**TASK TO CARRY OUT**: In the data below, set down exactly the lines from the one containing "為了增強(qiáng)云陽龍" up to and including the one containing "A clear glass". Leave the pictures out.

*** Opening of MATERIALS PROVIDED ***

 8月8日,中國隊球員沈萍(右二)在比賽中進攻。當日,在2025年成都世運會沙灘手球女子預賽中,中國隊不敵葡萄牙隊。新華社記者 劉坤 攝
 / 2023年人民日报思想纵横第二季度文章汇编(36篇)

*** Close of MATERIALS PROVIDED ***
*** Opening of MATERIALS PROVIDED ***

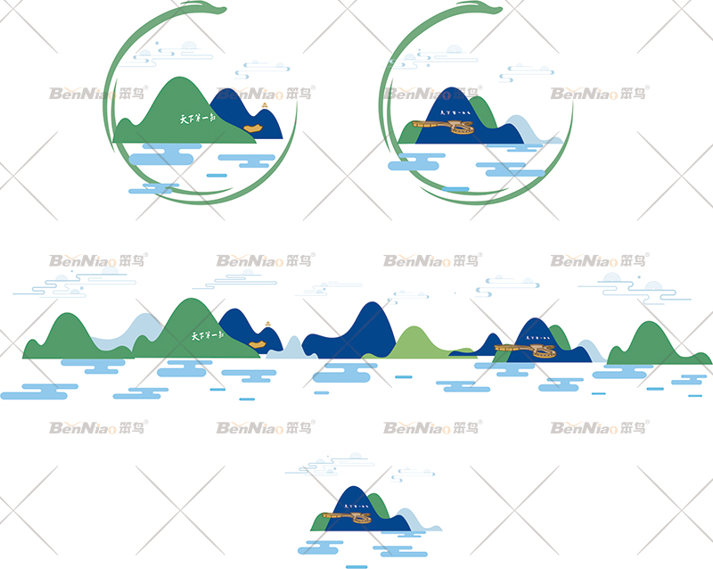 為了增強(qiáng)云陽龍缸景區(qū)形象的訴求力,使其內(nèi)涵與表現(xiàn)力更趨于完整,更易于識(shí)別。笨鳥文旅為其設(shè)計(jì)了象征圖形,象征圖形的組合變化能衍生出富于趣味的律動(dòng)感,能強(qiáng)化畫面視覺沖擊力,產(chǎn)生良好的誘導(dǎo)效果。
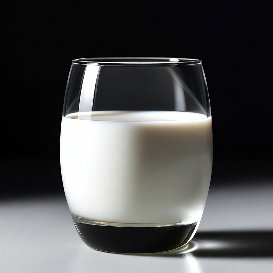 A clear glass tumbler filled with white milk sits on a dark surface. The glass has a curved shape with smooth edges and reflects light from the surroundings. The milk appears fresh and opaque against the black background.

*** Close of MATERIALS PROVIDED ***
*** Opening of MATERIALS PROVIDED ***

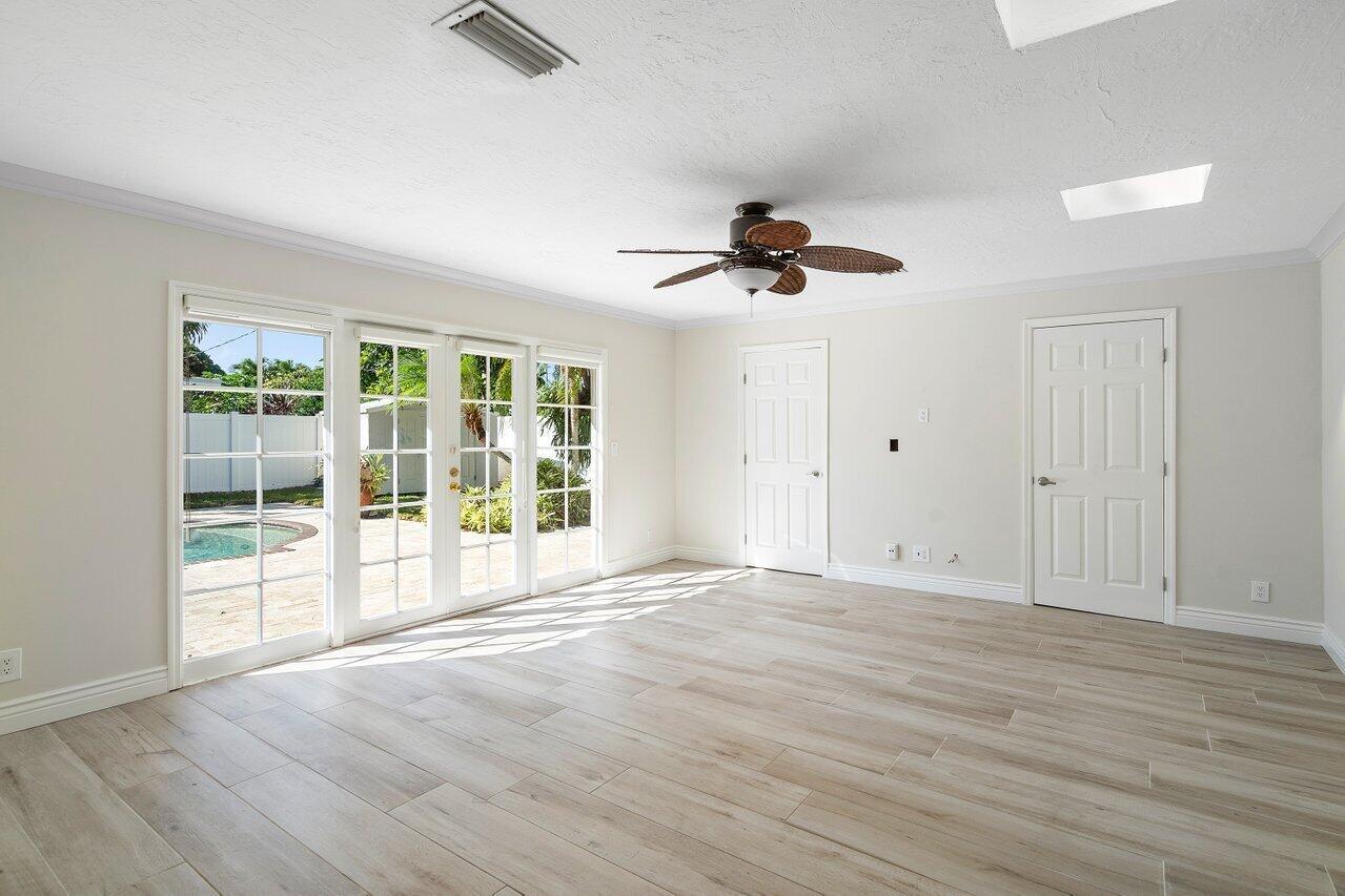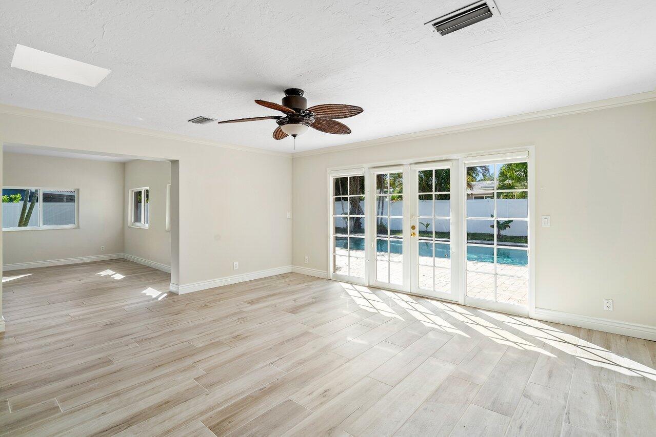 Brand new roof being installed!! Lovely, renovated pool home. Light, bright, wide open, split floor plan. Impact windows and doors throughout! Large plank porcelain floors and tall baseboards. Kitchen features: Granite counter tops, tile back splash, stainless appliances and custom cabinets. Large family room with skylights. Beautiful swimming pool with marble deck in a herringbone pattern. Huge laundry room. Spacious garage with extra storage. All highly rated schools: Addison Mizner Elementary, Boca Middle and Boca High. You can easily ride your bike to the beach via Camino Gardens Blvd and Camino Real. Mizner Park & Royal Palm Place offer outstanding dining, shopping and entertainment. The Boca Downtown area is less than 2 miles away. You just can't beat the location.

*** Close of MATERIALS PROVIDED ***

**SOLUTION**:
 為了增強(qiáng)云陽龍缸景區(qū)形象的訴求力,使其內(nèi)涵與表現(xiàn)力更趨于完整,更易于識(shí)別。笨鳥文旅為其設(shè)計(jì)了象征圖形,象征圖形的組合變化能衍生出富于趣味的律動(dòng)感,能強(qiáng)化畫面視覺沖擊力,產(chǎn)生良好的誘導(dǎo)效果。
 A clear glass tumbler filled with white milk sits on a dark surface. The glass has a curved shape with smooth edges and reflects light from the surroundings. The milk appears fresh and opaque against the black background.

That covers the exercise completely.